To modern generations, Errol Flynn, if they have heard of him at all, would have to be of passing interest at best, and this movie about his last love affair with Beverly Aadland must seem an odd little movie. Dakota Fanning may even be of more interest. Possibly they would also be put off by the age difference between Errol and Beverly - he was pushing 50 and she was 15.
However for those of us who were alive when Flynn was still making films, and were interested enough to read any of the books about the guy, this movie is close to fascinating.
With some knowledge of his life, you have to appreciate all the little touches seeded throughout the film.

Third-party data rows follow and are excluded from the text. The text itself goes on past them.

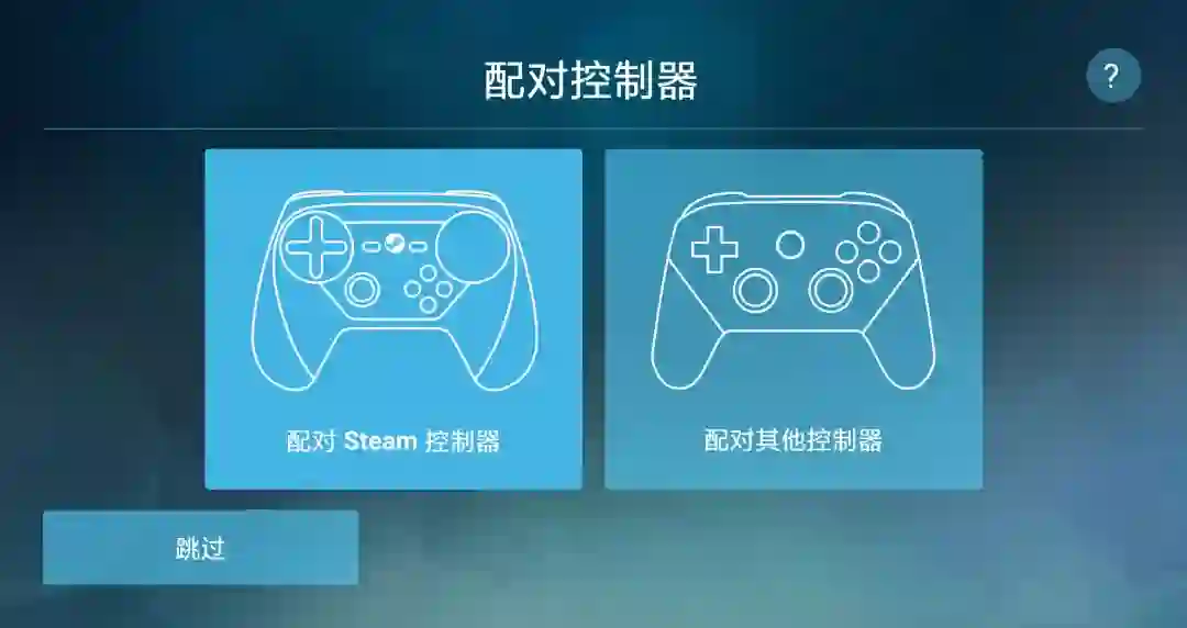 接着,应用会提示配对一个控制器,其实就是蓝牙手柄,支持 Steam 自家的和其他普通蓝牙游戏手柄。当然,如果你没有手柄的话,可以直接跳过这一步。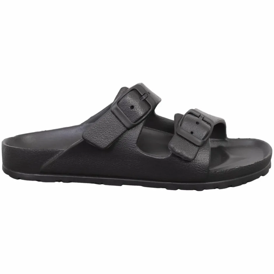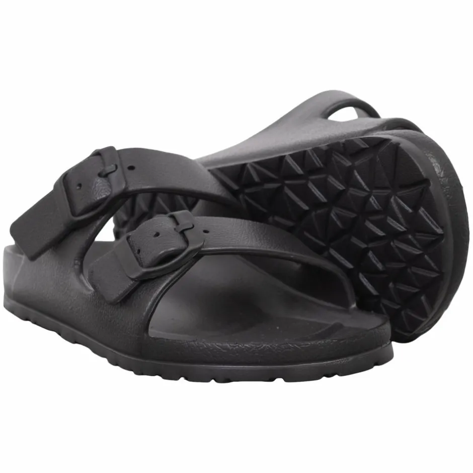 Anyway børne sandaler i ensfarvet sort. Sandalerne har to stropper over foden, som lukkes med en spændelukning.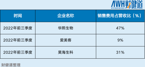 2022年前三季度,爱美客的销售费用为1.34亿元,占营收的比重为9%;华熙生物为20.30亿、昊海生科为4.98亿,二者占同期营收比分别为47%、31%。

One was the way the relationship with Beverly starts with Flynn trying his well-practiced technique of seducing women by discussing with a co-conspirator in front of them how perfect they would be for a part in an upcoming production.
However, after taking advantage of her in a somewhat disturbing scene, his feelings for her go beyond a quick conquest and they become involved in an oddly-matched and dangerous relationship.
Much of the movie is told from the viewpoint of Beverly's mother, Florence, played by Susan Sarandon, who comes across as the stage mother from hell.
Rather than being overshadowed by Kline, it's Dakota Fanning's movie too. She underplays while projecting naïveté on the one hand, and worldliness beyond her years on the other. The last part of the movie shows the effect her unwanted celebrity has on her stability, while Florence actually revels in it.
The film has been criticised, scathingly by some reviewers, not only for skimpy production values, but also for sanitising the relationship, and for not taking more of a moral stance over the underage aspect. However, I do feel we are made aware of the situation throughout the film, and it doesn't ever really get a seal of approval.
Nevertheless, according to Roland Fisher, Beverly Aadland's husband of 40 years, she admitted to loving Errol Flynn until the day she died (in 2010).
Knowing a fair bit about the subject probably has a lot to do with whether or not you will appreciate this film - I for one found it totally absorbing.